In many ways, beginning with its first treated canvas luggage trunks, Louis Vuitton has always been counter-culture, designed to serve the new affluent rather than the traditional aristocrat. Louis Vuitton menswear is currently carried in only 150 of the brand’s 450 boutiques. Expectation is that with Abloh as new Louis Vuitton Artistic Director, the maison will expand that number to 180 with close to 20 standalone Louis Vuitton menswear stores exemplifying the growing importance of the segment to the brand.
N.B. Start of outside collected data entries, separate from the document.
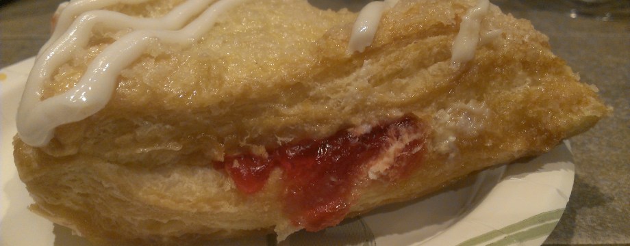Cutting right to the chase, we grabbed some cherry turnovers from the grocery store. You know how they say Wheaties is “the breakfast of champions”? Wrong. It’s cherry turnovers and coffee.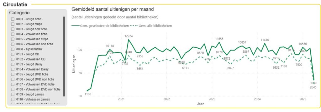 Gemiddeld aantal uitleningen per maand: Totaal aantal uitleningen voor elke maand gedeeld door het aantal bibliotheken. De gestippelde lijn toont het gemiddelde berekend voor alle bibliotheken, de volle lijn het gemiddelde voor de geselecteerde bibliotheken.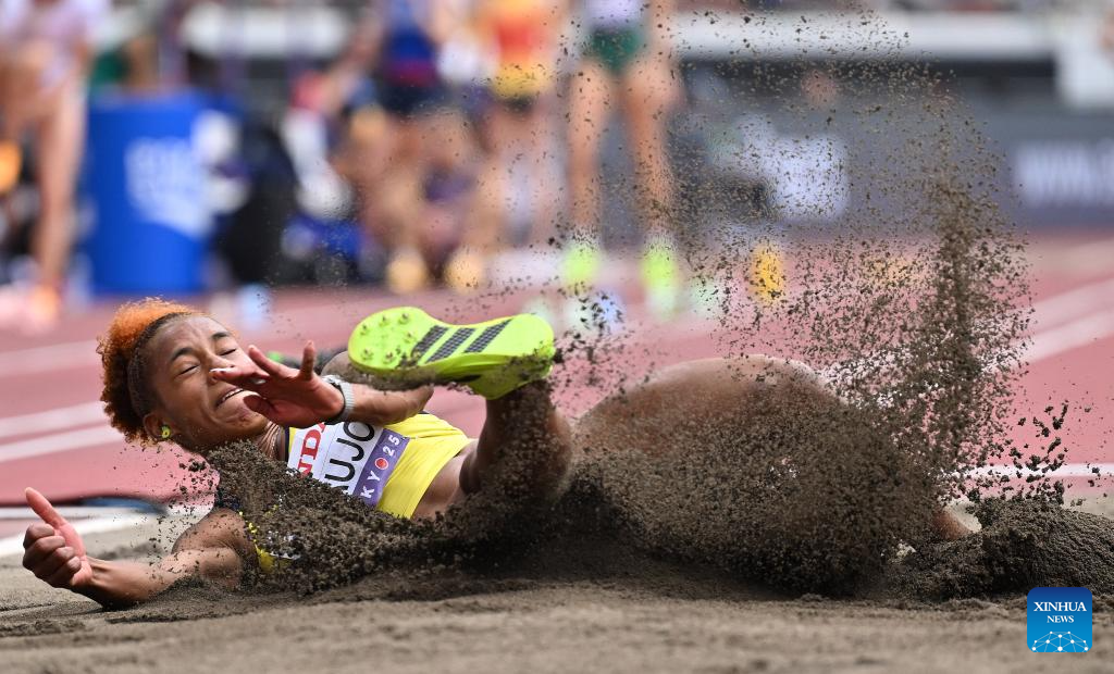 TOKIO, 20 septiembre, 2025 (Xinhua) -- Martha Araújo, de Colombia, compite durante la prueba de salto de longitud del heptatlón femenino, en el Campeonato Mundial de Atletismo 2025, en Tokio, Japón, el 20 de septiembre de 2025. (Xinhua/Song Yanhua)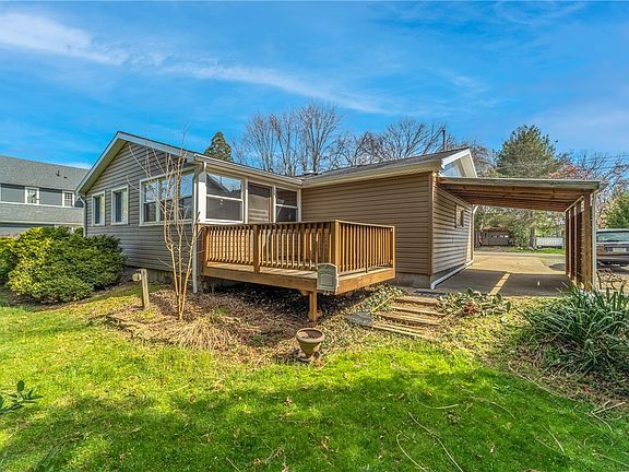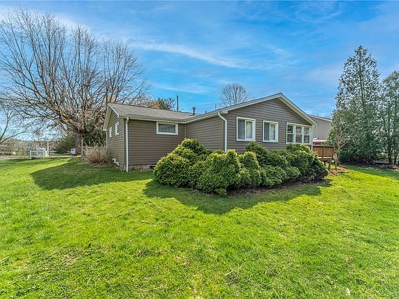 This quaint home in the village of Harmony, that was founded in 1804, offers more than just serene, easy living.The 3 bedroom, 2 full bath ranch is within walking distance of small shops, restaurants, and the Harmony Inn.The flat front yard has a simple decorative wood fence.The landscaping has been well maintained through the years for beauty, yet simplicity. Level entry into the home, there is fresh carpet and paint for move in readiness. Pass thru the living room area into the open dining/kitchen area with its country cottage feel.The back family room is light and bright with sliding glass doors that open onto an enclosed back porch and a deck. Plenty of storage in the lower level and the oversized garage. The lower level also has a full bathroom with a shower and an extra family room/den.The flat concrete parking pad is large enough for at least 4 vehicles.The oversized garage has excessive storage plus an extra side carport for sporting equipment, motorcycles or extra vehicles.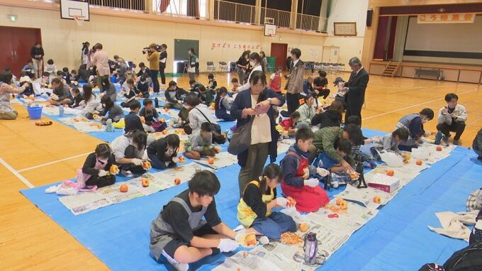 約70人の全校児童は近所の畑で収穫した柿の皮むきをリレー形式で競いました。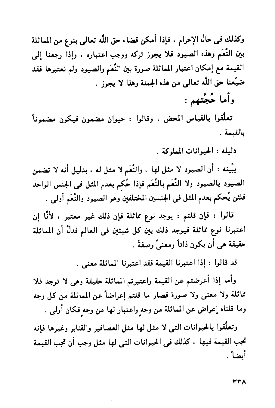 وتعلقوا بالحيوانات التي لا مثل لها مثل العصافير والقنابر وغيرها فإنه تجب القيمة فيها، كذلك في الحيوانات التي لها مثل وجب أن تجب القيمة أيضاً.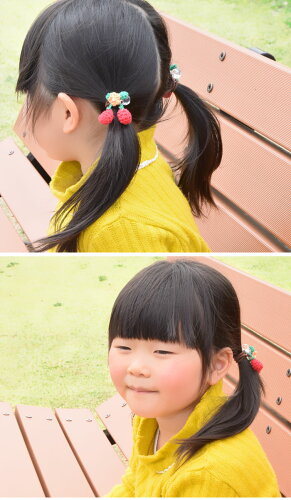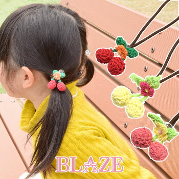 編みパーツ ヘアゴム さくらんぼ 2個セット BLAZE ヘアアクセサリー キッズ 子供 フルーツ さくらんぼ チェリー 花 フラワー ポンポン 苺 いちご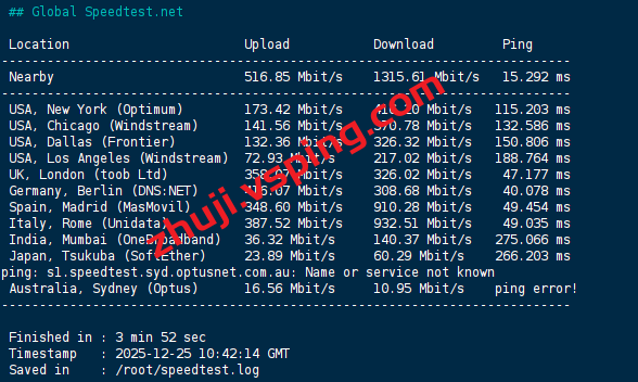 speedtest的部分国际节点的测试数据:
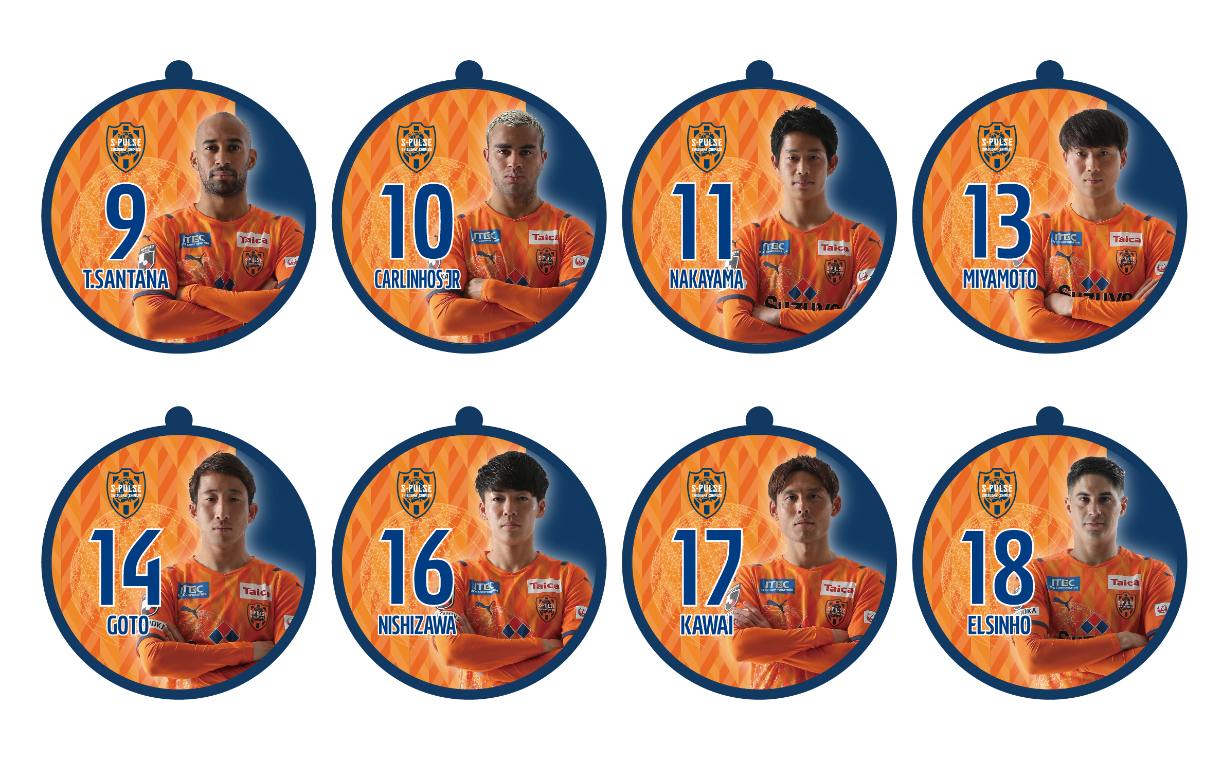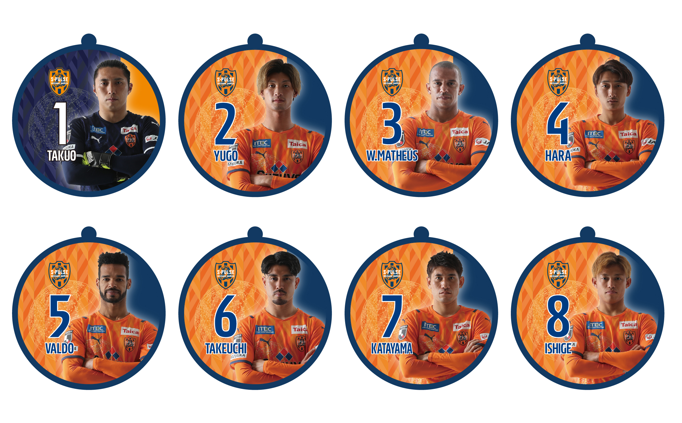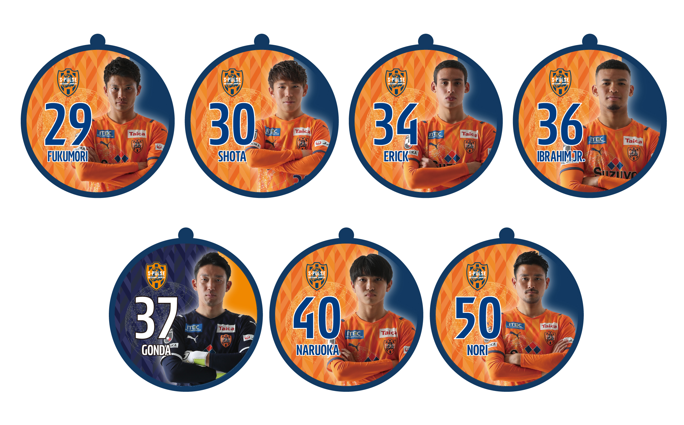 全19種(No.2 立田、No.4 原、No.5 ヴァウド、No.6 竹内、No.7 片山、No.9 チアゴ サンタナ、No.10 カルリーニョス、No.11 中山、No.14 後藤、No.16 西澤、No.17 河井、No.18 エウシーニョ、No.19 ディサロ、No.20 中村、No.22 ヘナト、No.23 鈴木唯人、No.30 金子、No.37 権田、No.50 鈴木義宜)

Once considered for lead designer positions at Burberry and Versace, Abloh is notable for making political statements in an industry that rarely takes a stand for commercial reasons. Abloh has conceived fashion commentary on the immigrant crisis with artist Jenny Holzer.
As new Artistic Director, Abloh will debut his first Louis Vuitton menswear collection in June 2018 for Paris Men’s Fashion Week. Louis Vuitton is estimated to be LVMH’s top-money maker with annual sales of more than €9bn (£7.9bn), the largest in the luxury industry.